This course explores how and why organizations choose and can adopt site reliability engineering (SRE) principles and practices, the changes they'll need to address, as well as the risks and challenges faced when adopting SRE. By the end of this course you'll have a clear understanding of the organizational impact of SRE, the patterns for adoption, how to conduct blameless post-mortems, and finally, how SRE can be scaled should it be adopted within your organization.

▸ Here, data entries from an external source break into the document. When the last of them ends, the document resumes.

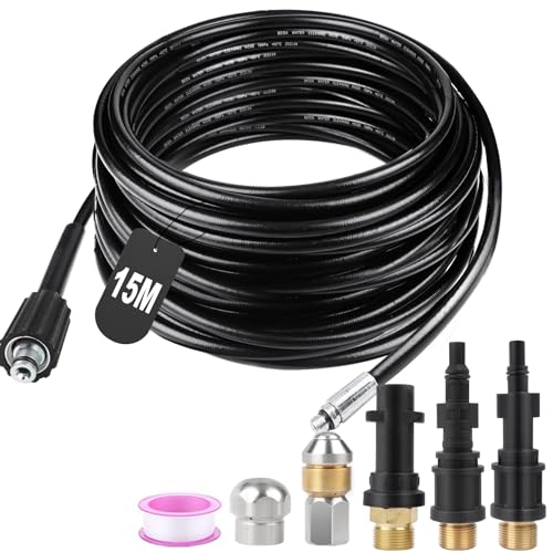 | Features | 【Kraftvolle Reinigung】 Der maximale zulässige Arbeitsdruck des Rohrreinigungsschlauch beträgt 180 bar, die maximale Temperatur erreicht 60 °C. Speziell für die Rohrreinigung entwickelt, hilft er Ihnen dabei, verstopfte oder verschmutzte Rohre, Abflüsse, Rinnen und Toiletten schnell und einfach zu reinigen., 【Starr Strahldüse】 Die Spritzdüse verfügt über eine vorwärts gerichtete Lockerungsdüse, um Verstopfungen zu beseitigen. Drei rückwärts gerichtete Treibdüsen spülen lockere Verunreinigungen aus und treiben gleichzeitig den Rohrreinigungsschlauch im Rohr vorwärts, um automatisch Schmutz zu entfernen., 【Rotationsdüse】 Die Rotationsdüse verfügt über drei rückwärts gerichtete Treibdüsen. Die kraftvolle rotierende Sprühwirkung kann verstopfte Rohre durchdringen, selbst bei schweren Verstopfungen wird eine mühelose Reinigung ermöglicht., 【Robust und langlebig】 Der flexible Rohrreinigungsschlauch ist mit einer Verdrehungsschutzvorrichtung ausgestattet, um Wassersammlungen zu verhindern. Er besteht aus massivem Polyethylen-Innenschlauch, der von einer reißfesten Polyester-Gewebeverstärkung umgeben ist, Ein beständiger und glatter Mantel aus schwarzem PU-Material sorgt für besonders wenig Widerstand. Die Verbindungsstellen sind mit Dichtband abgedichtet, um Leckagen zu verhindern., 【Lieferumfang】 1 x 15M Rohrreinigungsschlauch, 1 x Adapter für Kärcher K2 K3 K4 K5 K6 K7, 1 x Adapter für Lavor, 1 x Adapter für Bosch, 1 x Starr Strahldüse, 1 x Rotationsdüse, 1 x Dichtungsband. Wir legen großen Wert auf die Kundenerfahrung. Bei Fragen kontaktieren Sie uns bitte per E-Mail. Wir bieten Ihnen hochwertigen Service. |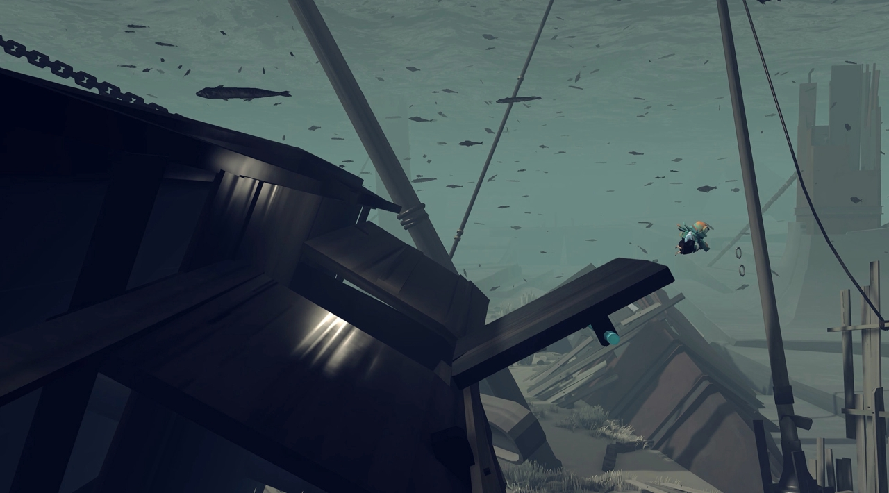 Akcję oglądasz z boku, a trzon zabawy stanowi obsługa statku i przemierzanie zalanych terenów. Płyniesz przez ruiny dawnej cywilizacji, zatopione enklawy, doliny i dorzecza. Po drodze nie tylko przesuwasz się naprzód, ale też dbasz o to, by twoja maszyna w ogóle działała. Trzeba uruchamiać urządzenia, pilnować sprawności okrętu i reagować na problemy. Niby spokojnie, ale bez bezmyślnego płynięcia przed siebie.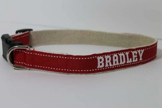 Bradley University fans and alumni will love this collar featuring team colors and logos. This environmentally friendly hand-made dog collar is the perfect accessory for your best friend.

If you have any feedback relating to this course, please contact us at support@cloudacademy.com.
Learning Objectives
- Explore the various ways that organizations can adopt SRE
- Define the site reliability engineer job role
- Understanding cultural changes with regards to SRE
- Learn about SRE for growing organizations
Intended Audience
-
Anyone interested in learning about SRE and its fundamentals
-
Software Engineers interested in learning about how to use and apply SRE within an operations environment
-
DevOps practitioners interested in understanding the role of SRE and how to consider using it within their own organization
Prerequisites
To get the most out of this learning path, you should have a basic understanding of DevOps, software development, and the software development lifecycle.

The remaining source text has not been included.